Sobald die Transportation kam, wurde aufgeladen und alles fertig gemacht, um früh am Morgen die Reise anzutreten. Gegen fünf Uhr wurde aufgebrochen, als plötzlich Bock Taylor, ein Texas-Desperado, mit seiner Bande erschien, die Wagen anhielt, sechs gute Maultiere ausspannte und sich wieder entfernte. Da wir keine Waffen hatten, so fühlten wir uns nicht angezogen, das Eigentum der Regierung zu verteidigen, sondern machten ruhig den Zuschauer.

Weil uns das Marschieren mit dem Kommando nicht gefiel, so ging ein vierblättriges Kleeblatt, worunter ich mich befand, voraus. Wir schlugen aber aus Versehen den falschen Weg ein, sodass wir am Abend vergeblich auf das Kommando warteten. Es gehen nämlich drei Fahrstraßen von Victoria nach San Antonio. Wir waren auf der einen, während unser Departement auf der anderen war. Da wir die ganze Nacht hätten marschieren müssen, um den Zug zu treffen, so beschlossen wir, auf eigene Faust nach San Antonio vorzurücken. Hunger stellte sich ein und Nachtessen musste herbeigeschafft werden.

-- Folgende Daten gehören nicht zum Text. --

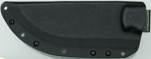 11.88" (30.18cm) overall. 6.38" (16.21cm) black traction coated 1095HC steel blade. Lanyard hole. Full tang. Rocky Mountian Tread black linen micarta handles. Black Kydex belt sheath.

Da nahm ein unternehmender Geist seine Jacke und verkümmelte sie um verschiedene Fressalien, wovon wir speisten und uns dann zur Ruhe legten.

Am nächsten Morgen brachen wir frühzeitig auf und erreichten gegen acht Uhr eine Plantage, wo wieder eine Jacke herhalten musste, um für das Frühstück zu zahlen. Mittags verschwand die dritte und abends die vierte Jacke, sodass wir nun sämtlich in Hemdsärmeln waren. Am nächsten Tag kamen wir an eine Schnapsschänke, wo unser Irländer McGee es nicht übers Herz bringen konnte, vorüberzuziehen. Er verkümmelte seine Hose für eine Flasche Schnaps und einen Sack getrocknetes Fleisch, worauf er, obwohl in ziemlich schmutzigen Unterhosen, doch im Triumph zu uns zurückkehrte. Am San Antonio River wurde für die Nacht Halt gemacht. Ein Teil des Fleisches sowie ein Restlein in der Flasche lieferten ein frugales Abendmahl. Unsere Schuhe und Stiefel waren ausgetragen. So machten wir von den Stiefelröhren Sandalen, welche wir mit Streifen, von unseren Hemden gerissen, befestigten.